Son dönemde televizyonlarda ve panellerde giderek daha sık duyduğum bir cümle var: “Borsa İstanbul’da temel analiz çalışmıyor.”
Burada aslında iki farklı argüman birbirine karışıyor:
“Temel analiz yapmak artık faydasız.”
“Birçok hisse temel analizden kopuk değerlerde işlem görüyor.”
Öncelikle bu farkı bir not edelim.
Ama bir üçüncü ihtimal daha var:
Belki de çalışmayan, temel analizin kendisi değil; yapılış biçimi.
Piyasada yaygın yaklaşım kabaca şu:
“FAVÖK çarpanına bak, sektör ortalamasıyla karşılaştır, ucuzsa AL de.”
Bu yöntemle bakınca, haddinden fazla sayıda hisse ucuz görünüyor.
Sorun şu ki FAVÖK ile gerçek nakit yaratma kapasitesi arasında ciddi mesafe var. Yüksek idame yatırımları, hafiflemeyen işletme sermayesi yükü, ticari nitelikli finansal giderler, ağır borçlanma maliyetleri, bilanço makyajları, enflasyon muhasebesinin gizlediği kalemler vb.
Bunları hesaba katmadan yapılan analiz, sağlam görünen ama içi boş bir resim çiziyor.

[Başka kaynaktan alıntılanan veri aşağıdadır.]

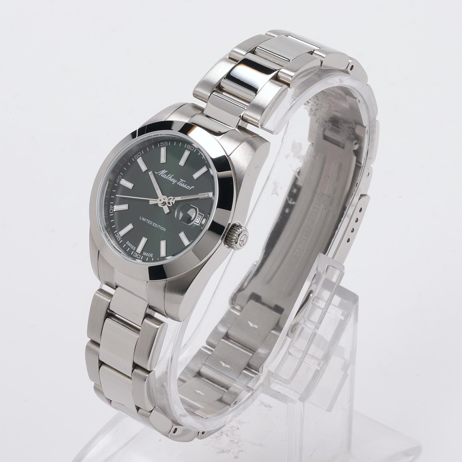 Женские кварцевые часы Mathey-Tissot Mathy D451VE — это стильное сочетание элегантности и современного дизайна. Лимитированная серия. Изящный корпус выполнен из нержавеющей стали, диаметром 32 мм, что придаст образу женственности и романтизма. Изысканный циферблат с метками в виде штрихов придает модели особый блеск. Циферблат защищен минеральным стекломМинеральное стеклоМинеральное стекло представляет собой искусственно выращенный минерал кварца. Такое стекло отличается особой устойчивостью к повреждениям и царапинам. Уступает по некоторым качествам сапфировому стеклу., обеспечивающий устойчивость к царапинам. Стрелки и метки с люминесцентным покрытиемЛюминесцентное покрытиеПозволяет считывать показания времени в темноте. Производители наносят на стрелки, часовые индексы, безель или поверхность циферблата светонакопительный состав, дающий холодное свечение.. Окошко даты находится в положении 3 часа. Часы оснащены надежным кварцевым механизмом. Стальной браслет на раскладной застёжке с фиксаторомРаскладная застёжкаТакой тип застёжки используется только на браслетах из металла. Она никогда не раскрывается полностью, происходит разделение на 2 и более частей. Раскладывающая застёжка снизит вероятность потери часов к минимуму., гарантирует комфортное и безопасное ношение. Класс водозащиты: 50 метров позволит защитить корпус от случайных брызг или капель дождя. Mathey-Tissot  — отличный выбор для тех, кто ценит утонченность и качество.
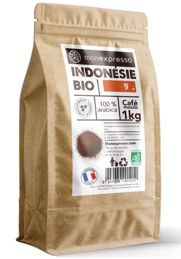 Caf grain 1kg - 100% Arabica - Indon sie - Intensit 9 - Torr fi Artisanalement en France - 100% biologique - Monexpresso
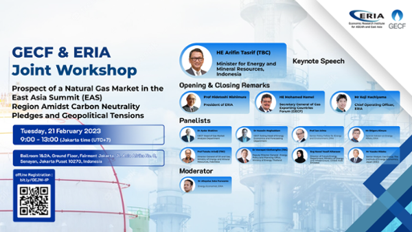 ERIA is co-hosting an event “Prospect of a Natural Gas Market in the East Asia Summit (EAS) Region Amidst Carbon Neutrality Pledges and Geopolitical Tensions” with the Gas Exporting Countries Forum (GECF)

Nakit akışı bazlı baktığınızda ise tablo değişiyor:
Gerçekten ucuz olan şirket sayısı, düşündüğünüzden çok daha sınırlı.
Ama o dar havuzda bile, sağlam nakit üretimi olup makul fiyattan işlem gören şirketler var.
Bu şirketler ucuz kalıyorsa, bunun nedeni temel analizin işe yaramaması değil; piyasada
Momentum odaklı bakışın ağır basması,
“Büyüme hikayesi” sunan hisselere ihtiyatlı yaklaşılmaması ve
Yatırım ufkunun giderek daha fazla kısa vadeye sıkışmasıdır.
Bunlar ilgiyi çekerken, sessizce nakit üreten şirketler radarlara girmiyor.
Öte yandan, piyasa her şeyi anlık ve tam efektif fiyatlasaydı, değer yatırımı diye de bir şey olmazdı.
Değer ile fiyat arasındaki sapmanın, akıllı yatırımcının ana getiri kaynağı olduğunu unutmamak lazım.
Kısa vadede rahatsız edici görünen bu fiyat anomalileri, uzun vadeli ve disiplinli yatırımcı için aslında değerlendirilmesi gereken fırsatlardır.
Özetle:
Sorun temel analizde değil; FAVÖK’e bakıp nakit akışını görmezden gelen yarım kalmış analizde.
Ve hatta, analiz sağlam olsa bile, o analizin arkasında duracak sabır ve psikolojide.
Çünkü uzun vadede farkı, sadece doğru analizi yapmak değil; o analizin arkasında durabilecek zihinsel ve duygusal dayanıklılığı gösterebilmek yaratıyor.